Tomorrow evening we start our months trip to Greece and i'm so excited!
We're travelling down Germany on A61 taking the Brenner and then to Venice for our boat on Monday. After arriving in Patras on Wednesday we drive to Piraeus for our next boat to Heraklion.
We will arrive in Rethymnon that evening and plan to stay put for two weeks after all we used to live there so want to visit friends etc.

On the return trip we have a couple days in Athens and then the boat to Ancona probably via Verona home to The Hague.

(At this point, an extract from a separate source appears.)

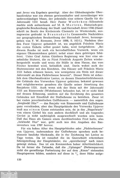 Johann Ulrich Folkers: Das Vorwerk Upjever. Seine Bedeutung für die Entwicklungsgeschichte des friesischen Bauernhauses. Mit 2 Abbildungen

Thankyou for a great site!
Maxine and Hans


----------



## Grizzly (May 9, 2005)

WOW ! Wish I was going with you !

Have a great trip and don't forget to write and tell us all how it is going.


G


----------



## Codfinger (Jan 11, 2008)

*crete*

yasoo, hey I really envy you guys, I can still smell the wild herbs of Crete can you tell me how much your round trip on the ferries has cost? would love to join you we have always gone to Aghia Gallini as we prefer southern Crete. Have fun !


----------



## peejay (May 10, 2005)

Hi Maxine & Hans;

You lucky things, I'm very jealous.

You say you are visiting Athens on the way back, I can recommend Athens Camping, its the closest site to the city centre.

http://www.motorhomefacts.com/modules.php?name=Campsites&op=display_results&csid=2123

Have a great time

pete


----------



## bess91 (Feb 8, 2006)

Thankyou!

Know exactly how much the ferries cost as i have the papers in front of me Euro 850.

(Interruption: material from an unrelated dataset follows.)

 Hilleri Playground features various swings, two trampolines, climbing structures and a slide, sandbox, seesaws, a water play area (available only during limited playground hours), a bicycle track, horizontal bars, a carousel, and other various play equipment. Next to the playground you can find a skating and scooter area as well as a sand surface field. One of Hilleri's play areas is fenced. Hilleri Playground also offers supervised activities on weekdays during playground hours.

Pete we plan to stay at Camping Athens. Only hope the traffic isn't too bad tomorrow. Last month it took us 5 hours to get to the German border!
Traffic in Holland just gets worse.

Maxine and Hans


----------



## DABurleigh (May 9, 2005)

pm sent. Pop in for a drink


----------



## Autoquest (May 16, 2007)

Big earthquake in Patras at the moment, 6.5 on the Richter scale... Hope all goes well.


----------



## teemyob (Nov 22, 2005)

*Quake*



Autoquest said:


> Big earthquake in Patras at the moment, 6.5 on the Richter scale... Hope all goes well.


As reported here

BBC News <<<

Trevor


----------



## Sonesta (May 10, 2005)

Hi Maxine and Hans,

Ooh you lucky pair I soooooooooooooo wish I were coming too as Greece is somewhere we are planning to visit this autumn/winter. I can just imagine how excited you must be feeling as you embark on your journey and I cannot wait to hear all about it when you return. 

Have a great time and please, please, please do not forget to write a review when you get home as I am sure there will many others who are keen to hear how you got on.

Safe travels and most of all have fun.

Sue

PS. Our first ever package holiday was to Crete and we went with my best friend Briarose who also posts on here and her family. We travelled to Crete and strangely enough the resort we stayed at was Rethymnon. All our kids were young at the time and we had a fabulous time and have some wonderful memories of our first holiday abroad.


----------